A new production decline affected the island and was followed by a period of economic stagnation. By the 1920s, Japanese immigrants settled in the island ad brought international technologies; simultaneously, the arrival of the motor boat and surrounding nets gave local fishing activities a boost, since they were previously restricted to where traditional methods functioned efficiently. As such, the usage of vogas became increasingly obsolete.

Throughout the first half of the 20th century, fishing helped the island become a local power again. Saco do Sombrio, previously used as anchorage point for slave ships and for long deserted, became the largest fishing port of the island. It would provide shelter from strong winds to up to 20-25 boats at once and would be home to 450-500 people. The place became so important that it was promoted to district status in 1944, along with Búzios, Vitória and Pescadores islands (under the collective name of "Paranabi"). Aside from fishing, handicraft products and seaweed collecting also gained strength. The latter was taught by the Japanese and reached its peak between 1925 and 1932.
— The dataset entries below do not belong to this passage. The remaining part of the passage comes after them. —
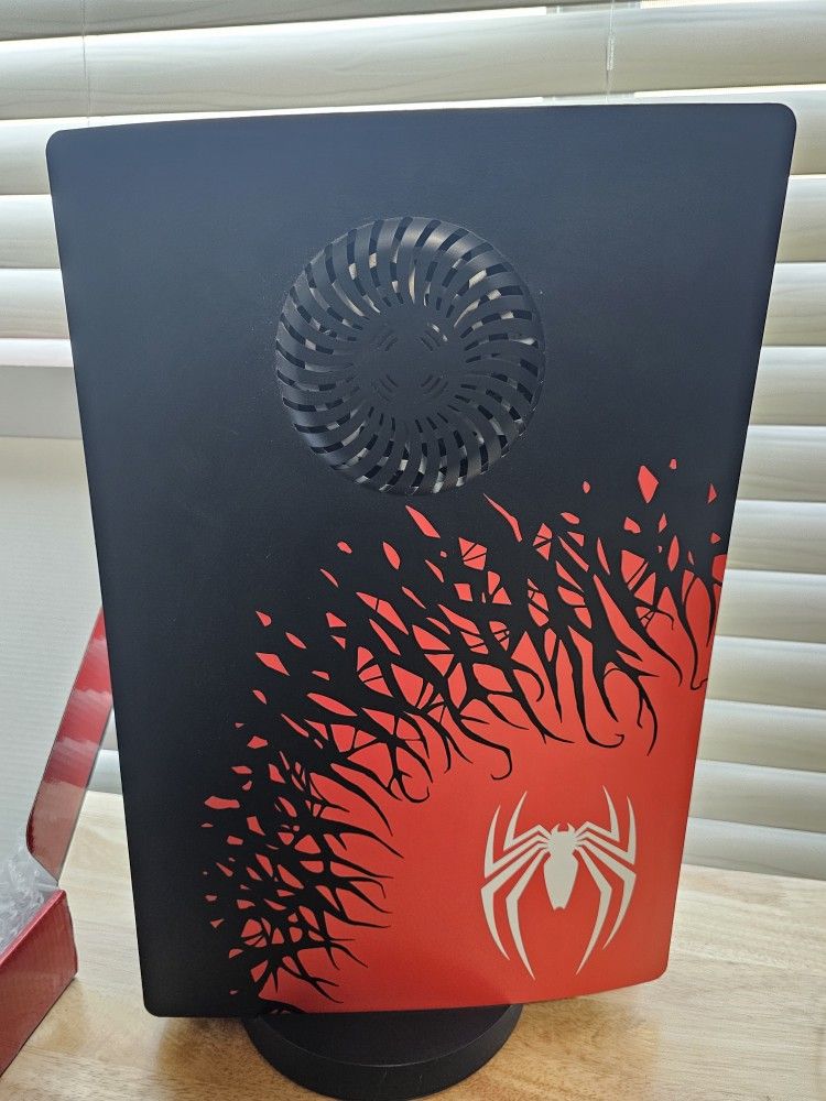 Adult owned PS5 Digital edition aka disk-less model 825 GB comes with standard power and HDMI cable and controller. Have red controller pictured above. Has grips and thumbstick grips. No Trades Includes: -spiderman 2 controller with box. Barely used. -spiderman plates with fan cutouts. Please see picture. These I got custom. Not the original SONY plates. - original plates. White color. Will be included and in the box like the picture. - dual charging dock with power cable - 1TB samsung SSD already installed. So you have 1.825 TB of storage. Almost 2 TB of storage. Box included too. I have box for PS5 but outer box is kinda torn but other packaging stuff is there if you want. Let me know if you have questions. If you want more pictures just ask.
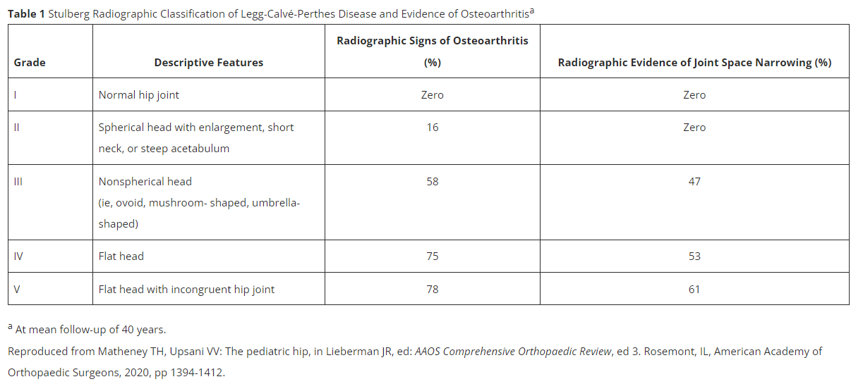 The Stulberg classification is the most widely used system for outcome measurements and correlates with degenerative changes at long-term follow-up. The classification system is based on femoral head sphericity and joint congruency at skeletal maturity.
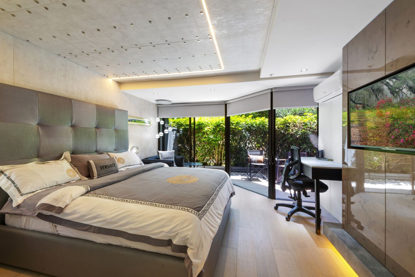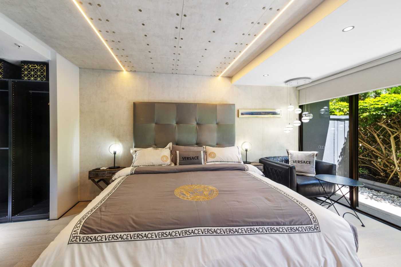• Extra large master bedroom, featuring ceiling-mounted lights and private garden views

=== Economic downfall and rise with tourism ===
From the 1930s on, the village suffered the consequences of the world crisis consolidated around that time, which joined the Constitutionalist Revolution and the consequent sea block which São Paulo was subjected to. Japanese immigrants left the area, causing many fishermen and crew members to become unemployed. From 1933 to 1938, fish around the island suddenly disappeared, increasing their poverty. As the state's countryside became ready for exploration with the opening of new roads and railways, many migrated in search of better opportunities. This exodus contributed to a recovery trend seen on the local forests.

Local land was sold at devalued prices and, from the 1960s on, tourism rose as an option to save the island's economy. The local infrastructure was improved and Ilhabela began to be sold as "symbol of adventure, pleasure and the wild".
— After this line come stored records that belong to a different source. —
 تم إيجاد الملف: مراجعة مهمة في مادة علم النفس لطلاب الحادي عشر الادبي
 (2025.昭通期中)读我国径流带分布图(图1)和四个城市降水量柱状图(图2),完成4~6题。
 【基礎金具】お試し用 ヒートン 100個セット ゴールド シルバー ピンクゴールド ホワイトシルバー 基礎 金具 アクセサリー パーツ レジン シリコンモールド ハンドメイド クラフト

Tourism and real estate speculation became new threats to the local forests, which prompted environmentalists to demand the creation of special reserves in the island, which gave birth to the Ilhabela State Park in the 1970s. According to a 2005 research, tourism, along with activities at the Port of São Sebastião and the local Petrobrás Terminal, became the main local vectors of environmental pressure. More recently, in 2011, exploitation points of the Pre-salt layer joined the previous vectors.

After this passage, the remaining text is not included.